Configure package.json so Smithery CLI can find your exported server and add scripts for both HTTP and STDIO workflows:
{
  "name": "my-mcp-server",
  "version": "1.0.0",
  "type": "module",
  "module": "src/index.ts", 
  "scripts": {
    "dev": "smithery dev",
    "build": "npm run build:http",
    "build:stdio": "tsc",
    "build:http": "smithery build", 
    "start": "npm run start:http",
    "start:http": "node .smithery/index.cjs",
    "start:stdio": "node dist/index.js",
    "prepublishOnly": "npm run build:stdio"
  },
  "dependencies": {
    "@modelcontextprotocol/sdk": "^1.18.2",
    "@smithery/sdk": "^1.6.4",
    "zod": "^3.25.46"
  },
  "devDependencies": {
    "@smithery/cli": "^1.4.0"
  }
}
Important: The module field tells Smithery CLI where to find your exported server function. Script explanations:
  • dev: Start development server with interactive playground
  • build: Build for production (defaults to HTTP)
  • build:stdio: Compile TypeScript for STDIO usage
  • build:http: Build for Smithery HTTP deployment
  • start: Start production server (defaults to HTTP)
  • start:http: Run the Smithery-built HTTP server
  • start:stdio: Run the compiled STDIO version locally
  • prepublishOnly: Ensure STDIO build before publishing to npm

Step 5: Update smithery.yaml

startCommand:
  type: stdio
  commandFunction: |
    (config) => ({
      command: 'npx',
      args: ['tsx', 'src/index.ts'],
      env: {
        CASE_SENSITIVE: config.caseSensitive
      }
    })
  configSchema:
    type: object
    properties:
      caseSensitive:
        type: boolean
        description: Whether character matching should be case sensitive
        default: false
  exampleConfig:
    caseSensitive: false
That’s it!

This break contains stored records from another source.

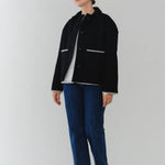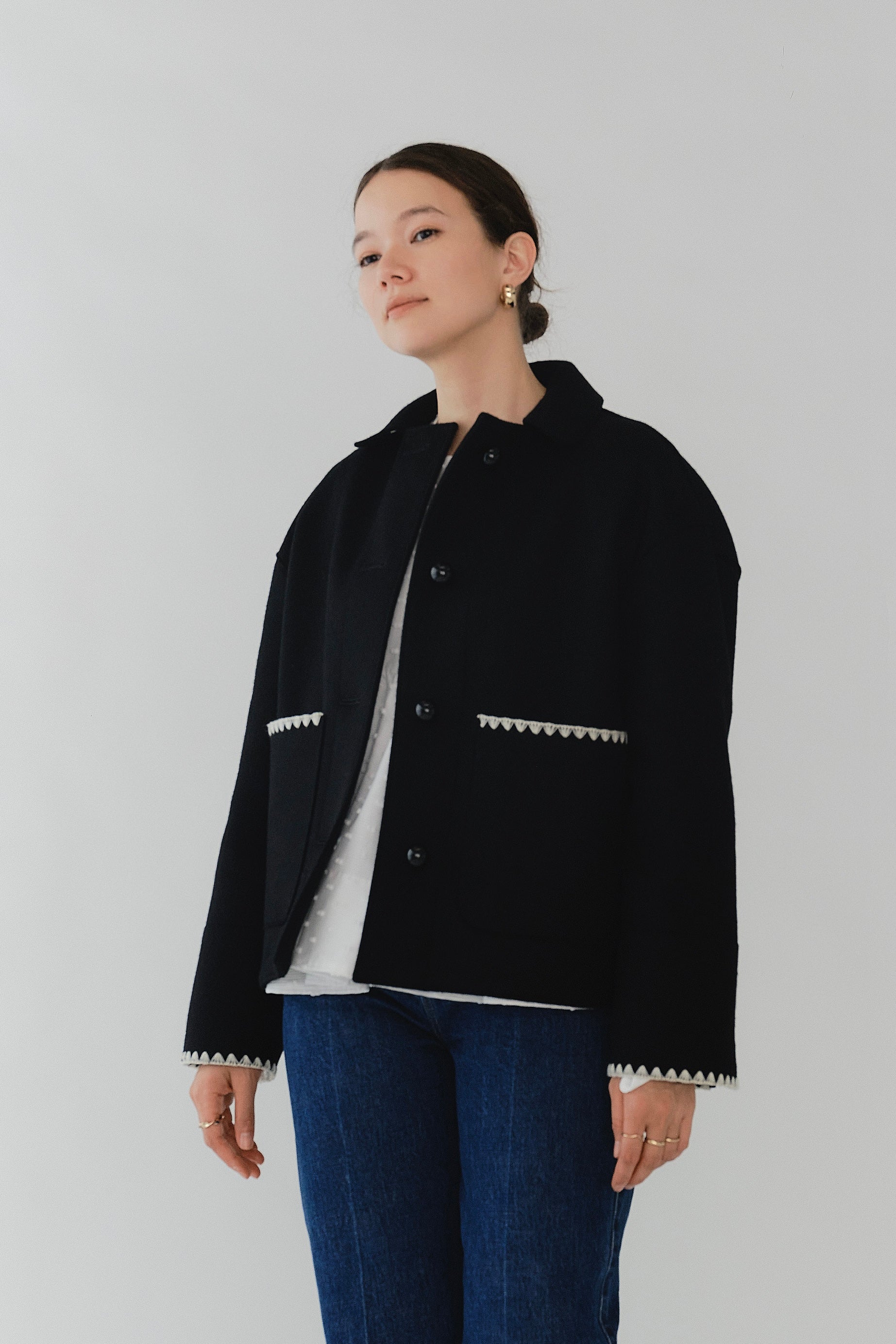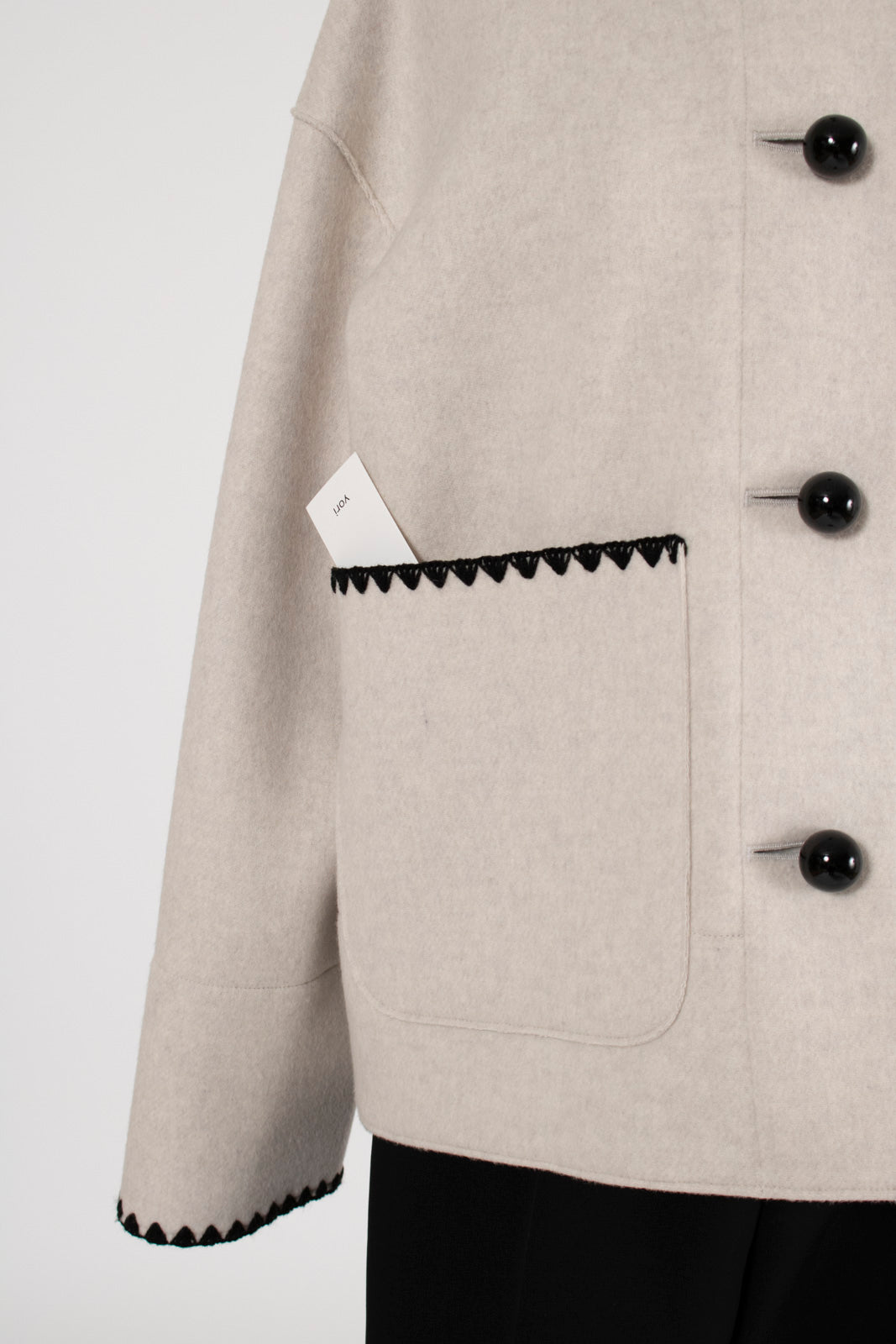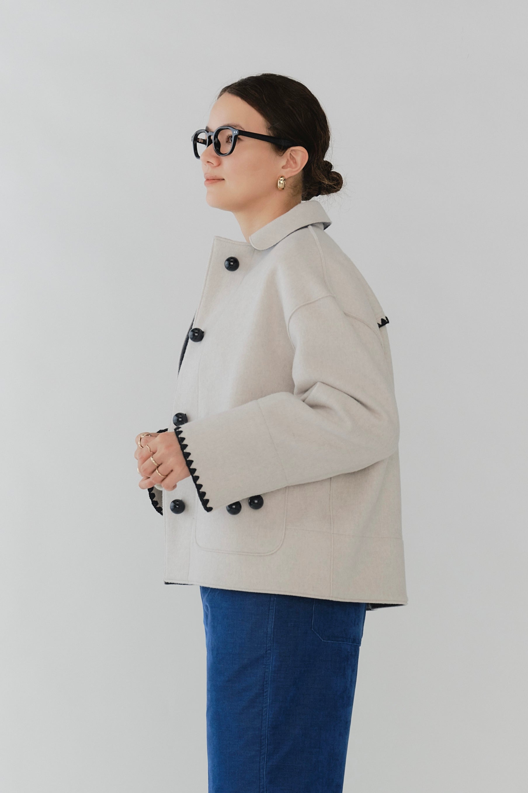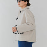 This short coat combines playfulness and elegance, featuring eye-catching large buttons that draw attention. Clam shell embroidery is applied to the cuffs, pocket openings, and back yoke, adding a subtle touch of cuteness. The rounded embroidery is an adorable cookie-like motif that brightens your mood every time you wear the coat. Made from high-quality wool, the material ensures not only beauty but also warmth and comfortable wear. Furthermore, a name tag motif subtly incorporated into the design adds a characteristic yori touch. This is a meticulously detailed piece designed to be the star of your winter wardrobe.
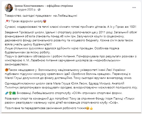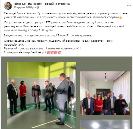 За рахунок «депутатської субвенції» у 23 окрузі Ірини Константевич ремонтували школу в с. Гірки та спортзал смт Колки. Традиційно розпорядники коштів субвенції мають відношення до політичної сили «За майбутнє». Замовником ремонту спортзалу був відділ освіти Колківської селищної ради, начальник якого Леонід Новак балотувався на посаду селищного голови від партії Палиці, а село Гірки входить до складу Любешівської ОТГ, у якій головує висуванець від партії «За майбутнє» Кух Олег Іванович.
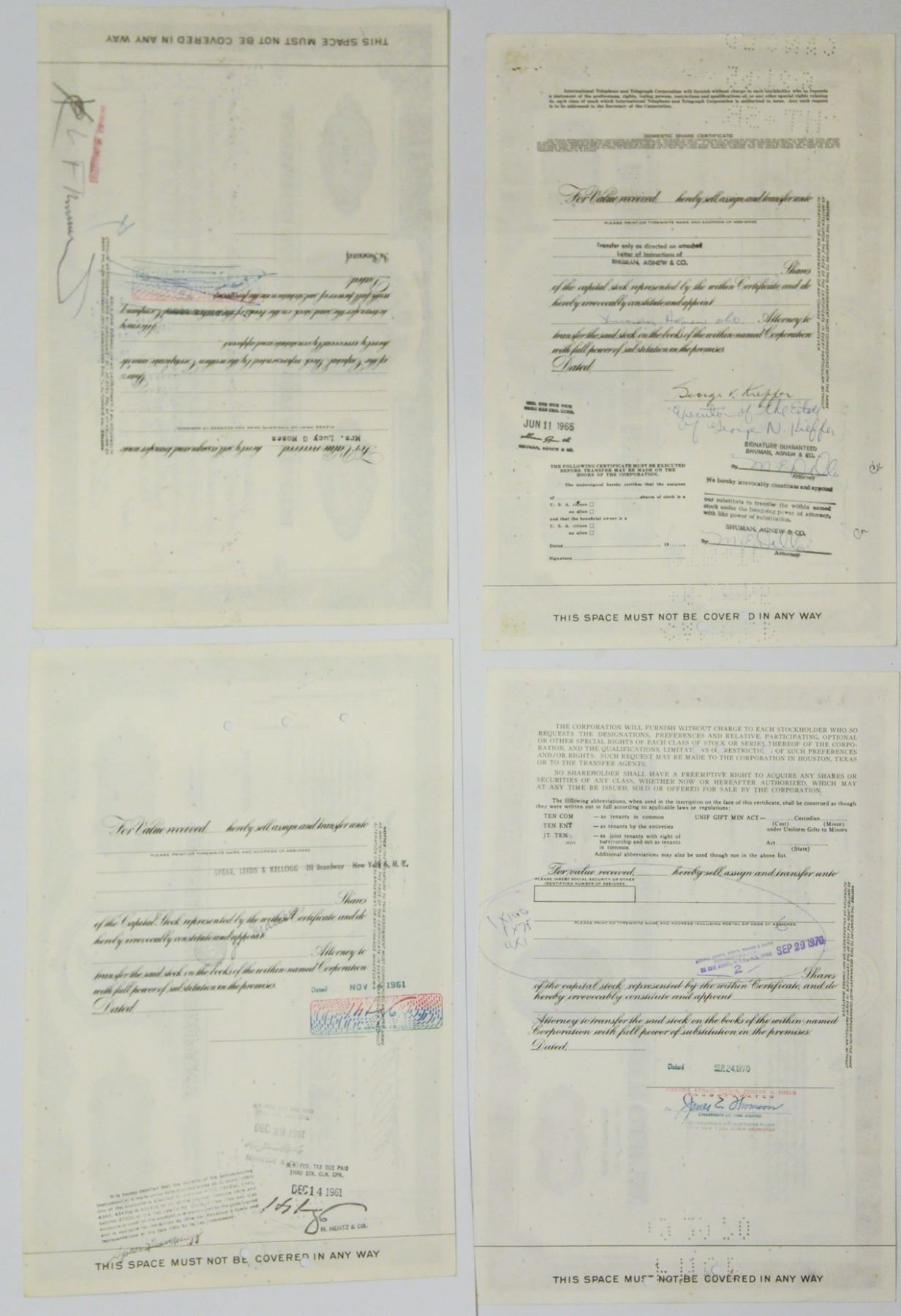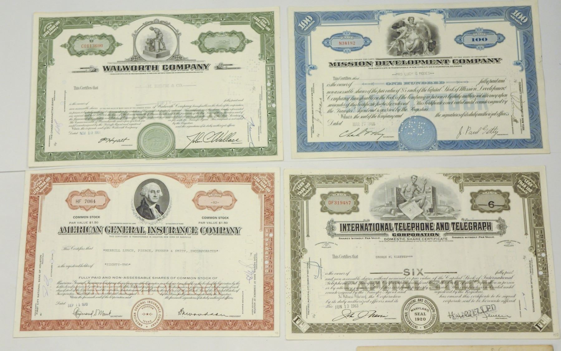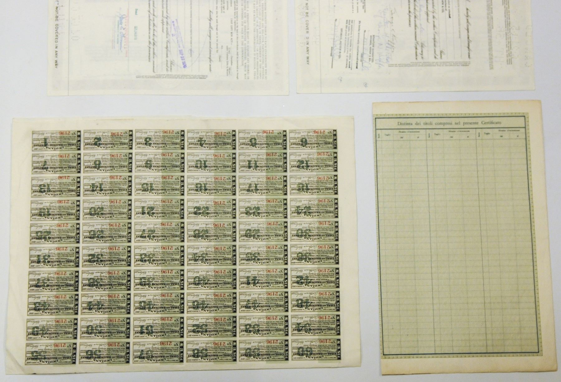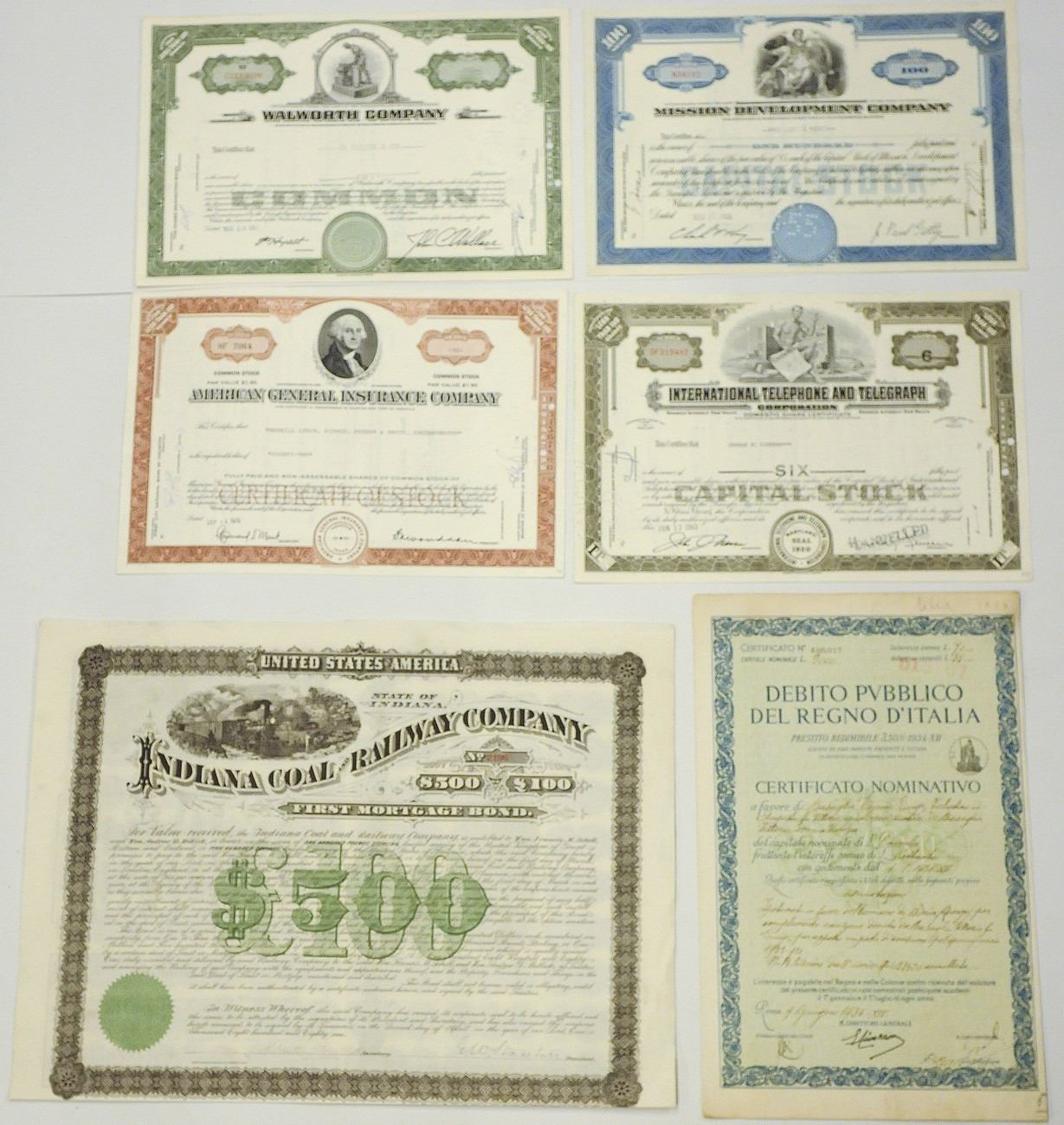 Collection of 6 stock certificates, first half of the 20th century, including: 5 American and 2 Italian. Heading embellished with designs and prints of antique etchings. Dimensions: 4 American certificates: 30x20 cm, Italian certificates: 21.5x34.5 cm, large American Indian Coal Railway Company certificate: 43x32 cm.

The Smithery CLI handles the HTTP transport automatically.
No Dockerfile needed: Unlike custom container deployments, TypeScript projects using Smithery CLI don’t require a Dockerfile. The CLI handles containerization automatically.
Install the CLI locally with:
npm i -D @smithery/cli
Add your SDK dependency explicitly:
npm i @modelcontextprotocol/sdk @smithery/sdk

Local Testing

  1. Using Smithery Interactive Playground:
    # Start development server with interactive playground
    npm run dev
    
    The npm run dev command opens the Smithery interactive playground where you can:
    • Test your MCP server tools in real-time
    • See tool responses and debug issues
    • Validate your configuration schema
    • Experiment with different inputs
    Smithery Interactive Playground
  2. Building for Production:
    # Build your server for deployment
    npm run build
    
    This compiles your TypeScript code and prepares it for deployment on Smithery.
  3. Testing STDIO mode locally:
    # Build TypeScript code
    npm run build:stdio
    
    # Run in STDIO mode
    CASE_SENSITIVE=true npm run start:stdio
    

Deployment

  1. Push Code: Push your updated code (including updated package.json and smithery.yaml) to GitHub
  2. Deploy: Go to smithery.ai/new and connect your GitHub repository
  3. Verify: Test your deployed server through the Smithery interface
The TypeScript runtime handles HTTP transport automatically - no additional configuration needed.

Summary

This guide showed how to migrate a TypeScript MCP server from STDIO to HTTP transport using Smithery CLI. We transformed a traditional STDIO server into an exported createServer function using the official McpServer from the SDK, configured session handling with Zod, and updated package.json and smithery.yaml for automatic containerization. This approach provides the simplest migration path while supporting both HTTP deployment through Smithery CLI and optional STDIO backward compatibility.